▶ **PROBLEM STATEMENT**: The reply should reproduce every line of the data below word for word, minus any images.

▶ **DATA EXTRACT**:
*** Begin section ***

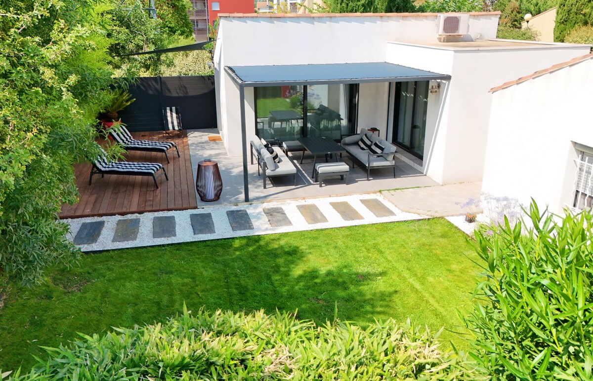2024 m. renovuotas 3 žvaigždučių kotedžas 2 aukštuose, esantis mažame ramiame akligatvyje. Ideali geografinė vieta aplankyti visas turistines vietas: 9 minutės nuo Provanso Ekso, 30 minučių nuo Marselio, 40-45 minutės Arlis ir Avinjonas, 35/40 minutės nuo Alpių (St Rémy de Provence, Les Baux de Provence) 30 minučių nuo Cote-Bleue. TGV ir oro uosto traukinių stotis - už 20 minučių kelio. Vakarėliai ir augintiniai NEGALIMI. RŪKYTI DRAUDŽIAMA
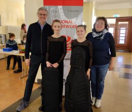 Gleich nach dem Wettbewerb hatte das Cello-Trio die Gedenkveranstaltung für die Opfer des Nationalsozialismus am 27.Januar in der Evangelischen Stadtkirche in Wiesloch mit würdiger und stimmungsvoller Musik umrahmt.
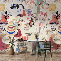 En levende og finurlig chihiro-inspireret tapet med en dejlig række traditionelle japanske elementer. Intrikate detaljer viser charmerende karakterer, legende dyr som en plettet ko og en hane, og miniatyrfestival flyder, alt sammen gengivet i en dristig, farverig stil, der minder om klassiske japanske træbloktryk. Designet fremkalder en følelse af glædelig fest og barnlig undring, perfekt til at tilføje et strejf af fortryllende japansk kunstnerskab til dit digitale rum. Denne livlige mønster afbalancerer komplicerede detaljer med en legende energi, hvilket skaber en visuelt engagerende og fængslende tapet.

*** End section ***

▶ **THE ANSWER**:
2024 m. renovuotas 3 žvaigždučių kotedžas 2 aukštuose, esantis mažame ramiame akligatvyje. Ideali geografinė vieta aplankyti visas turistines vietas: 9 minutės nuo Provanso Ekso, 30 minučių nuo Marselio, 40-45 minutės Arlis ir Avinjonas, 35/40 minutės nuo Alpių (St Rémy de Provence, Les Baux de Provence) 30 minučių nuo Cote-Bleue. TGV ir oro uosto traukinių stotis - už 20 minučių kelio. Vakarėliai ir augintiniai NEGALIMI. RŪKYTI DRAUDŽIAMA
 Gleich nach dem Wettbewerb hatte das Cello-Trio die Gedenkveranstaltung für die Opfer des Nationalsozialismus am 27.Januar in der Evangelischen Stadtkirche in Wiesloch mit würdiger und stimmungsvoller Musik umrahmt.
 En levende og finurlig chihiro-inspireret tapet med en dejlig række traditionelle japanske elementer. Intrikate detaljer viser charmerende karakterer, legende dyr som en plettet ko og en hane, og miniatyrfestival flyder, alt sammen gengivet i en dristig, farverig stil, der minder om klassiske japanske træbloktryk. Designet fremkalder en følelse af glædelig fest og barnlig undring, perfekt til at tilføje et strejf af fortryllende japansk kunstnerskab til dit digitale rum. Denne livlige mønster afbalancerer komplicerede detaljer med en legende energi, hvilket skaber en visuelt engagerende og fængslende tapet.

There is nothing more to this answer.